**Given records:**
::::::
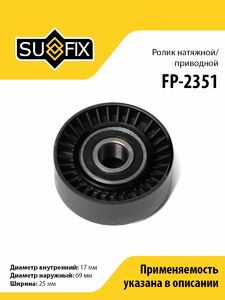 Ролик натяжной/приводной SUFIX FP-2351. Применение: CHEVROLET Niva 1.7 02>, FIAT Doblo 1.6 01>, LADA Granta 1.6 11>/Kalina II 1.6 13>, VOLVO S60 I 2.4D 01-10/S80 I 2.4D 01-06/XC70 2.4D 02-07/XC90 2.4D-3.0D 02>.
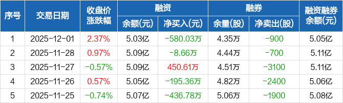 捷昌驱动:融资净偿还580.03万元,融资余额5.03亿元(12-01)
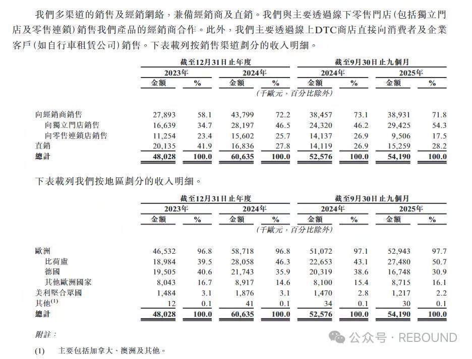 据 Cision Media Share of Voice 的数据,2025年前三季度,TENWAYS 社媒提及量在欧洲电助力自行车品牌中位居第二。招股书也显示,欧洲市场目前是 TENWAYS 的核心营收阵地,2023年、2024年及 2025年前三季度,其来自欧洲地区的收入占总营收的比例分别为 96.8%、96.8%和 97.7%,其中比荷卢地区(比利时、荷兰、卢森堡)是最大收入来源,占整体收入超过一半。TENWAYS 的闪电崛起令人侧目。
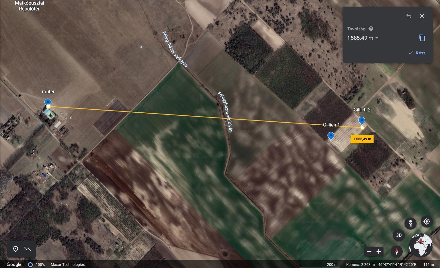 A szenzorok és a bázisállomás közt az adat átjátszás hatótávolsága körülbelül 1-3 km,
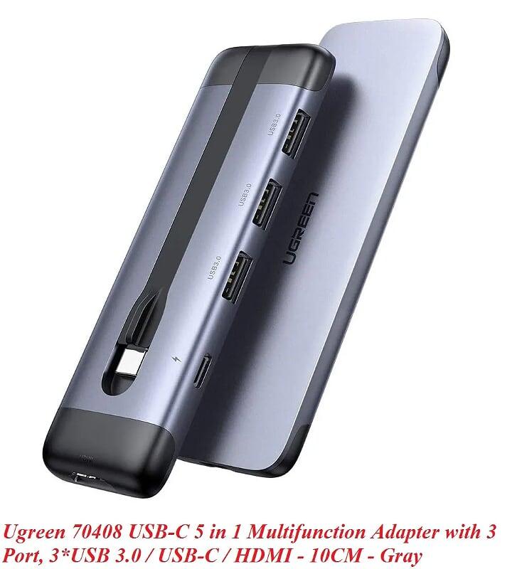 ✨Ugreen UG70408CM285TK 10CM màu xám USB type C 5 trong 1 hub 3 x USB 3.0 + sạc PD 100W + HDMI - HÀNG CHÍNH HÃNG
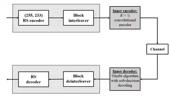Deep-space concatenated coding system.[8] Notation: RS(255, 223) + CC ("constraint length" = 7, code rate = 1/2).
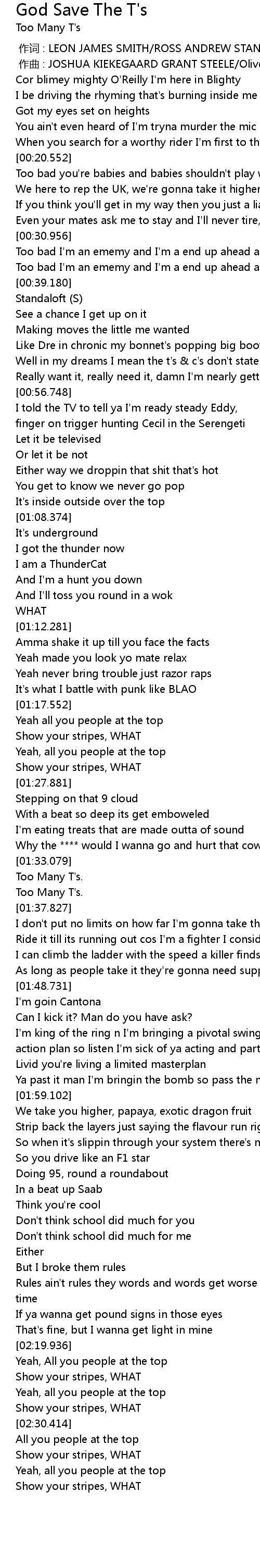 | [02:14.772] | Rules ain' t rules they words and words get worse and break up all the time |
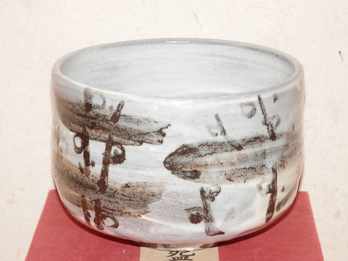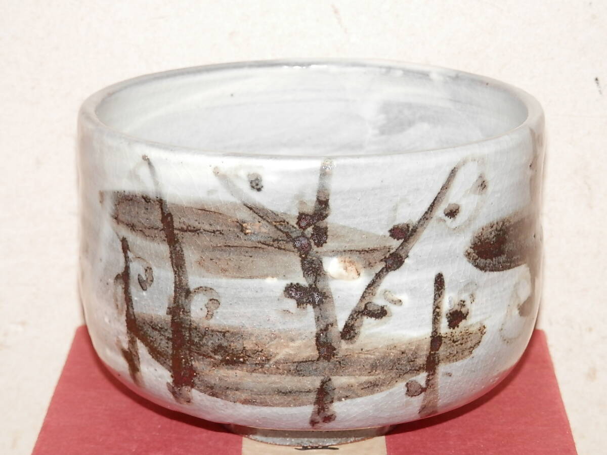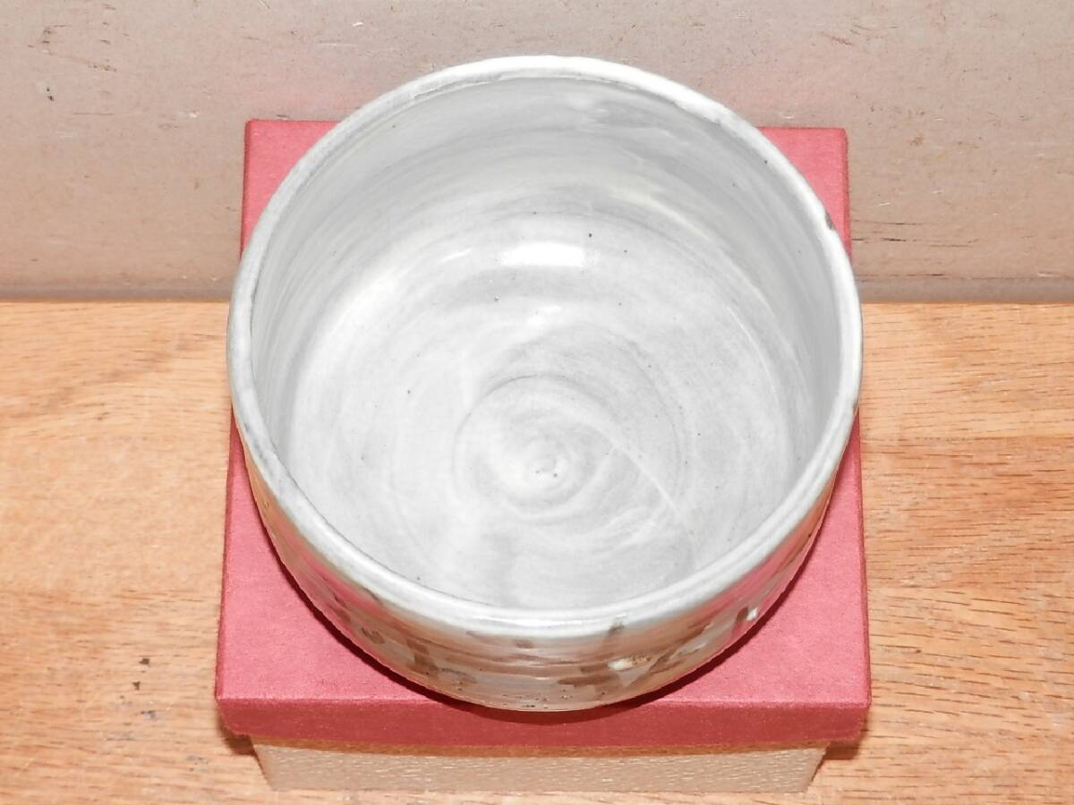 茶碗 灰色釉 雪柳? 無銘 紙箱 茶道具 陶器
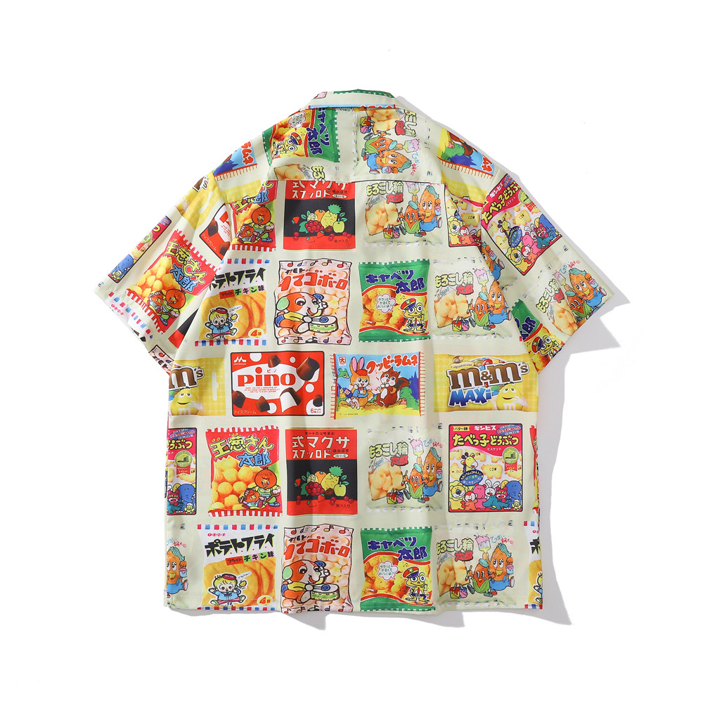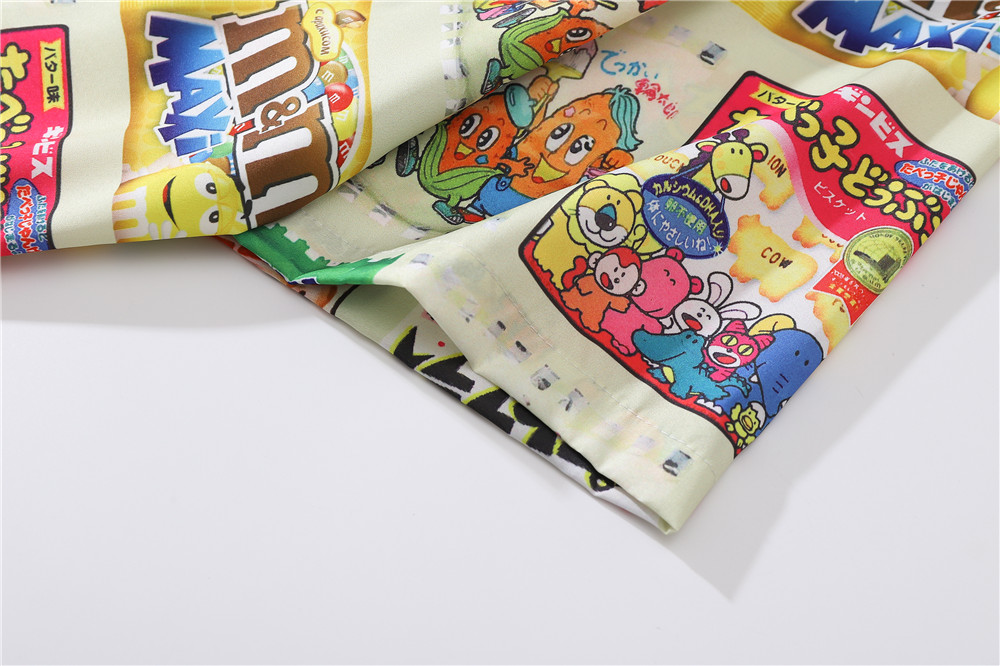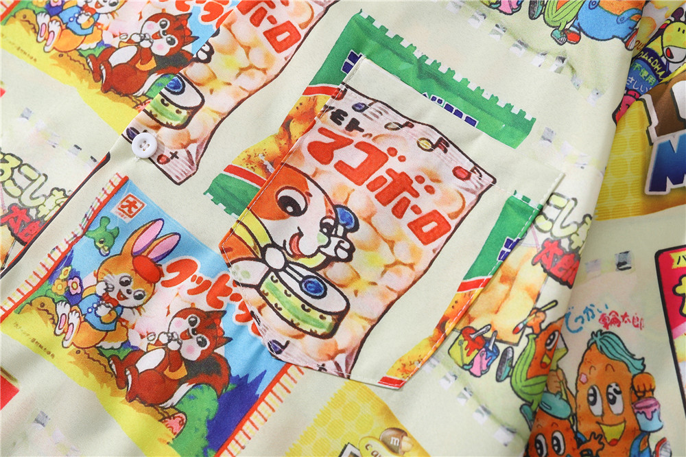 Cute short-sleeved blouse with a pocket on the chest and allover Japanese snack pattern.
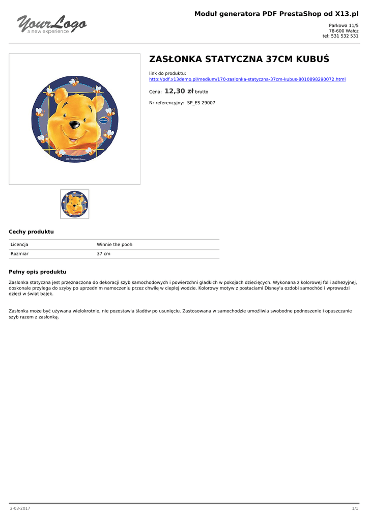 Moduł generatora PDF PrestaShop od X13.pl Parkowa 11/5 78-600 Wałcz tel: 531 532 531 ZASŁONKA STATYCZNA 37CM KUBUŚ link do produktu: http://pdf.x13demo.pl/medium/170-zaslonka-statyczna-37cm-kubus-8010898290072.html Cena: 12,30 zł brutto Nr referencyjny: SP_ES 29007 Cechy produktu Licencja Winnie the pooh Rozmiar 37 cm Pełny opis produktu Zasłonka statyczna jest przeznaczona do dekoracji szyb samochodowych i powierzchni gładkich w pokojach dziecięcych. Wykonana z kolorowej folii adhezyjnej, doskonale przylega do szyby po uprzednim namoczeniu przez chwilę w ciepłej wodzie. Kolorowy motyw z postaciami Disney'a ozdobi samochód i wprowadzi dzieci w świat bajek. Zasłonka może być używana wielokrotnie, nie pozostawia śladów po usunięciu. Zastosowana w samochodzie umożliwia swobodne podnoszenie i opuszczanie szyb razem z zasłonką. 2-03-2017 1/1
::::::
**Exercise:** Could you repeat, exactly and with nothing else, the lines from the first line of the records through the line containing "捷昌驱动:融资净偿还580.03万元,融资余额5.03亿元(12-01)"? Leave out the pictures.

**Result:**
 Ролик натяжной/приводной SUFIX FP-2351. Применение: CHEVROLET Niva 1.7 02>, FIAT Doblo 1.6 01>, LADA Granta 1.6 11>/Kalina II 1.6 13>, VOLVO S60 I 2.4D 01-10/S80 I 2.4D 01-06/XC70 2.4D 02-07/XC90 2.4D-3.0D 02>.
 捷昌驱动:融资净偿还580.03万元,融资余额5.03亿元(12-01)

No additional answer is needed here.